How to Edit Cell of Streamlit AgGrid's Row?

I have already created AgGrid by loading data from a csv file. I am adding rows one by one via an external button. But when I try to edit the line I added, it disappears. I would be very grateful if you could help me where the error is. The codes are as follows.
import pandas as pd
import streamlit as st
from st_aggrid import AgGrid, GridUpdateMode, JsCode
from st_aggrid.grid_options_builder import GridOptionsBuilder
import sys
import os
import altair as alt
from streamlit.runtime.legacy_caching import caching
def data_upload():
df = pd.read_csv("data.csv")
return df
if 'grid' in st.session_state:
grid_table = st.session_state['grid']
df = pd.DataFrame(grid_table['data'])
df.to_csv(“data.csv”, index=False)
else:
df = data_upload()
gd = GridOptionsBuilder.from_dataframe(df)
gd.configure_column("Location", editable=True)
gd.configure_column("HourlyRate", editable=True)
gd.configure_column("CollaboratorName", editable=True)
gridOptions = gd.build()
button = st.sidebar.button("Add Line")
if "button_state" not in st.session_state:
st.session_state.button_state = False
if button or st.session_state.button_state:
st.session_state.button_state = True
data = [['', '', 0]]
df_empty = pd.DataFrame(data, columns=['CollaboratorName', 'Location', "HourlyRate"])
df = pd.concat([df, df_empty], axis=0, ignore_index=True)
df.to_csv(“data.csv”, index=False)
gd= GridOptionsBuilder.from_dataframe(df)
grid_table = AgGrid(df,
gridOptions=gridOptions,
fit_columns_on_grid_load=True,
height=500,
width='100%',
theme="streamlit",
key= 'unique',
update_mode=GridUpdateMode.GRID_CHANGED,
reload_data=True,
allow_unsafe_jscode=True,
editable=True
)
if 'grid' not in st.session_state:
st.session_state['grid'] = grid_table
else:
grid_table_df = pd.DataFrame(grid_table['data'])
grid_table_df.to_csv(“data.csv”, index=False)
You can see the running app from here enter image description here

This one has a different approach but the goal could be the same.
Two radio buttons are created, if value is yes new line will be created, if value is no there is no new line.
If you want to add a new line, select yes and then add your entry. Then press the update button in the sidebar.
If you want to edit but not add a new line, select no, edit existing entry and then press the update button.
Code
import streamlit as st
from st_aggrid import AgGrid, GridOptionsBuilder
import pandas as pd
def data_upload():
df = pd.read_csv("data.csv")
return df
def show_grid(newline):
st.header("This is AG Grid Table")
df = data_upload()
if newline == 'yes':
data = [['', '', 0]]
df_empty = pd.DataFrame(data, columns=['CollaboratorName', 'Location', "HourlyRate"])
df = pd.concat([df, df_empty], axis=0, ignore_index=True)
gb = GridOptionsBuilder.from_dataframe(df)
gb.configure_default_column(editable=True)
grid_table = AgGrid(
df,
height=400,
gridOptions=gb.build(),
fit_columns_on_grid_load=True,
allow_unsafe_jscode=True,
)
return grid_table
def update(grid_table):
grid_table_df = pd.DataFrame(grid_table['data'])
grid_table_df.to_csv('data.csv', index=False)
# start
addline = st.sidebar.radio('Add New Line', options=['yes', 'no'], index=1, horizontal=True)
grid_table = show_grid(addline)
st.sidebar.button("Update", on_click=update, args=[grid_table])
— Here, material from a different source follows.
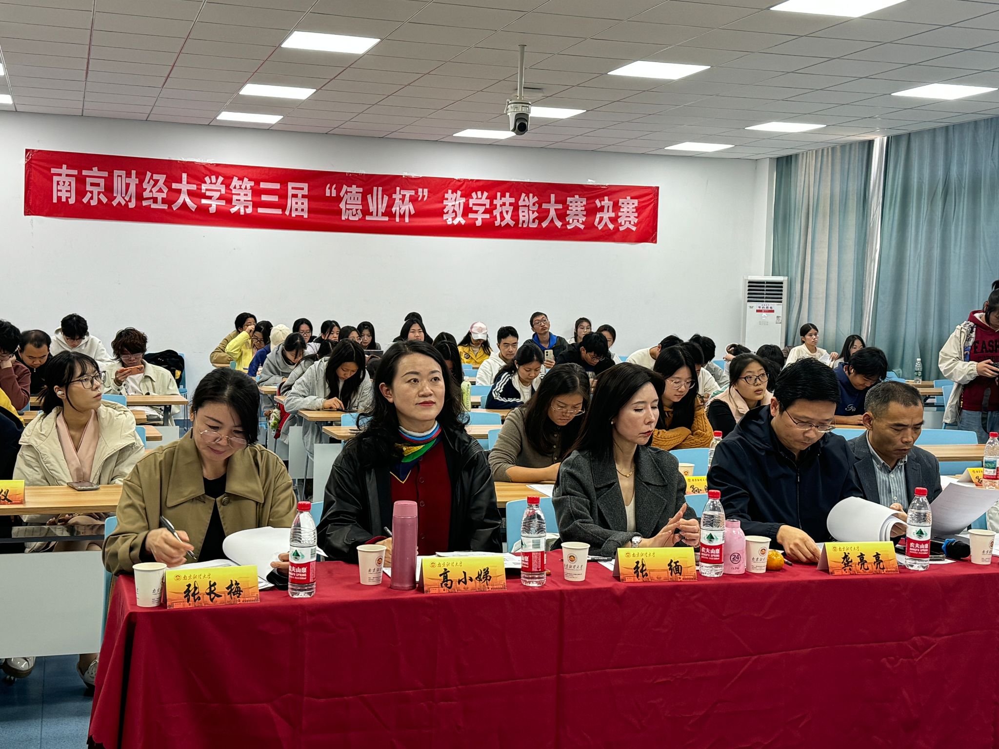 11月15日下午,第三届“德业杯”教学技能大赛决赛在仙林校区博文楼JA105多功能教室隆重举行。江宁高级中学校长张格波、栖霞中学校长吴玉珠、南师附中秦淮科技高中副校长龚亮亮、江宁高级中学福宁路校区副校长黄宣忠、南京市三牌楼小学副校长张缅、南师附中仙林学校小学部副校长刘伟、南京外国语学校明远小学副校长高小娣、原南京市鼓楼区教研员、南京育英外国语学校高级教师王士云、南师附中仙林学校小学部主任张长梅、我们大学生就业与创业指导中心主任李慕原担任评委。全校研究生与本科生代表到场观摩学习。
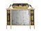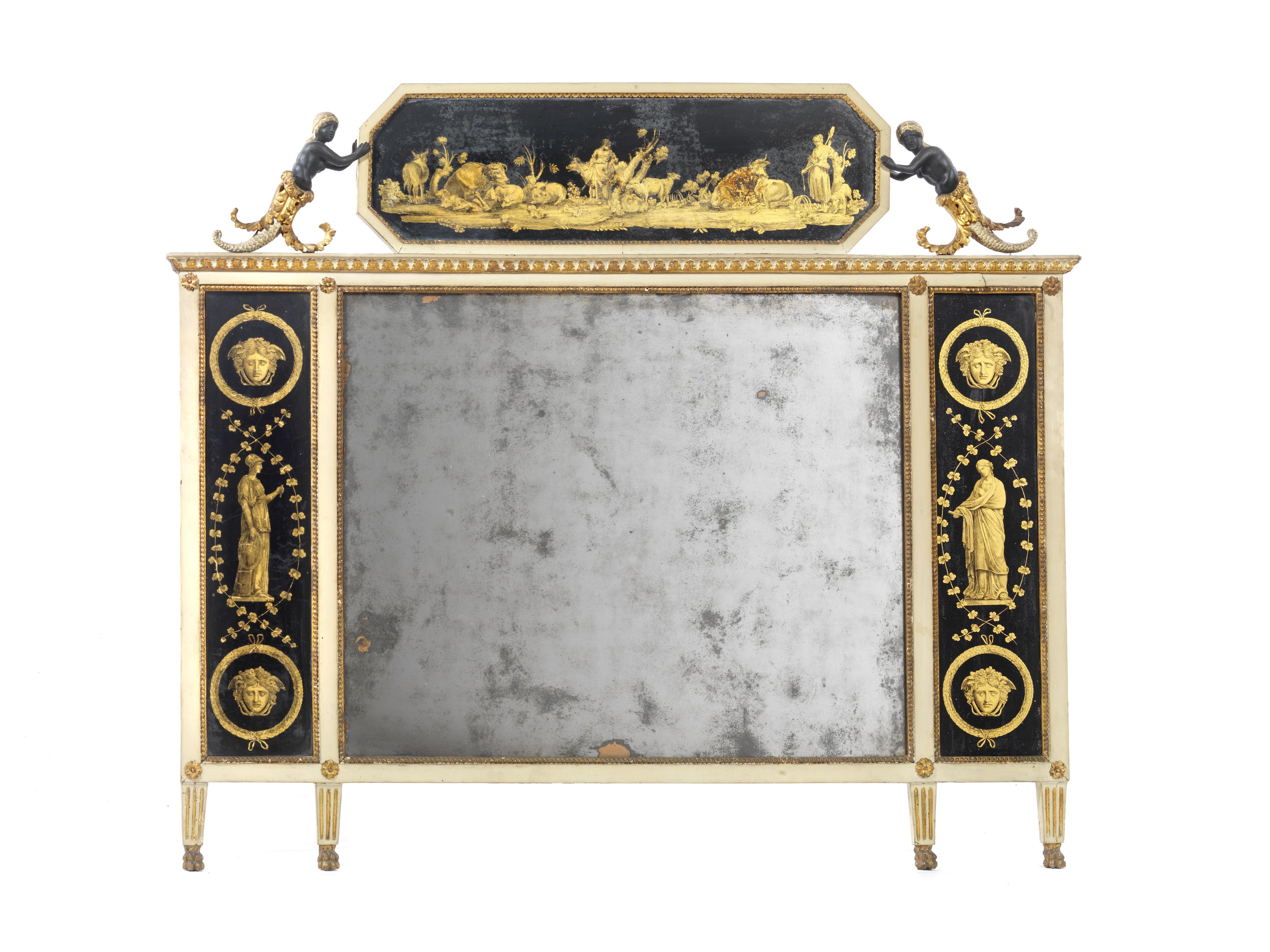 in legno laccato bianco, intagliato e in parte dorato, cimasa ottagonale con scena pastorale dipinta in oro su vetro, sostenuta da due sirene, specchio a tre scomparti di cui i due laterali decorati in oro su vetro con figure classiche e teste dimedusa entro ghirlande, piedi scannellati su zampe leonine, cm 151x126, piccoli danni e mancanze

That happened because of your if button: statement. Streamlit button has no callbacks so any user entry under a st.button() will always reload the page so you end up losing the data, to prevent this, you can either initialize a session state fo your button or you can use st.checkbox() in place of st.button().
In this case I am going to fix your code by initializing a session state of the button.
def data_upload():
df = pd.read_csv("data.csv")
return df
st.header("This is AG Grid Table")
if 'grid' in st.session_state:
grid_table = st.session_state['grid']
df = pd.DataFrame(grid_table['data'])
df.to_csv('data.csv', index=False)
else:
df = data_upload()
gd = GridOptionsBuilder.from_dataframe(df)
gd.configure_column("Location", editable=True)
gd.configure_column("HourlyRate", editable=True)
gd.configure_column("CollaboratorName", editable=True)
gridOptions = gd.build()
def update():
caching.clear_cache()
button = st.sidebar.button("Add Line")
# Initialized session states # New code
if "button_state" not in st.session_state:
st.session_state.button_state = False
if button or st.session_state.button_state:
st.session_state.button_state = True # End of new code
data = [['', '', 0]]
df_empty = pd.DataFrame(data, columns=['CollaboratorName', 'Location', "HourlyRate"])
df = pd.concat([df, df_empty], axis=0, ignore_index=True)
gd= GridOptionsBuilder.from_dataframe(df)
df.to_csv('data.csv', index=False)
gridOptions = gd.build()
grid_table = AgGrid(df,
gridOptions=gridOptions,
fit_columns_on_grid_load=True,
height=500,
width='100%',
theme="streamlit",
key= 'unique',
update_mode=GridUpdateMode.GRID_CHANGED,
reload_data=True,
allow_unsafe_jscode=True,
editable=True
)
if 'grid' not in st.session_state:
st.session_state['grid'] = grid_table
grid_table_df = pd.DataFrame(grid_table['data'])
grid_table_df.to_csv('data.csv', index=False)
I think your code should work fine now with regards to the button issue.

Is there a way to store output dataframes and appending them to the last output in the same dataframe

I am trying to fetch data from API for 50 parcels. I want them to be in a single data frame. While running this loop the data frame is storing only the last parcel which is satisfying the loop condition. Is there any way to store all the previous outputs also in the same dataframe.
For e.g upon running this code it only returns the data frame for foreign id=50, I want the dataframe for all 1-50.
import requests
import pandas as pd
foreign=1
while (foreign <=50):
s1_time_series_url_p6 = 'https://demodev2.kappazeta.ee/ard_api_demo/v1/time_series/s1?limit_to_rasters=true&parcel_foreign_id=0&properties=parcel_foreign_id%2Cs1product_end_time%2Cs1product_ron%2Ccohvh_avg%2Ccohvv_avg%2Cvhvv_avg'
s2_time_series_url_p6 = 'https://demodev2.kappazeta.ee/ard_api_demo/v1/time_series/s2?limit_to_rasters=true&parcel_foreign_id=0&properties=parcel_foreign_id%2Cs2product_start_time%2Cs2product_ron%2Cndvi_avg'
position = 101
foreign_n=str(foreign)
s1_time_series_url_p6 = s1_time_series_url_p6[:position] + foreign_n + s1_time_series_url_p6[position+1:]
s2_time_series_url_p6 = s2_time_series_url_p6[:position] + foreign_n + s2_time_series_url_p6[position+1:]
r_s1_time_series_p6 = requests.get(s1_time_series_url_p6)
r_s2_time_series_p6 = requests.get(s2_time_series_url_p6)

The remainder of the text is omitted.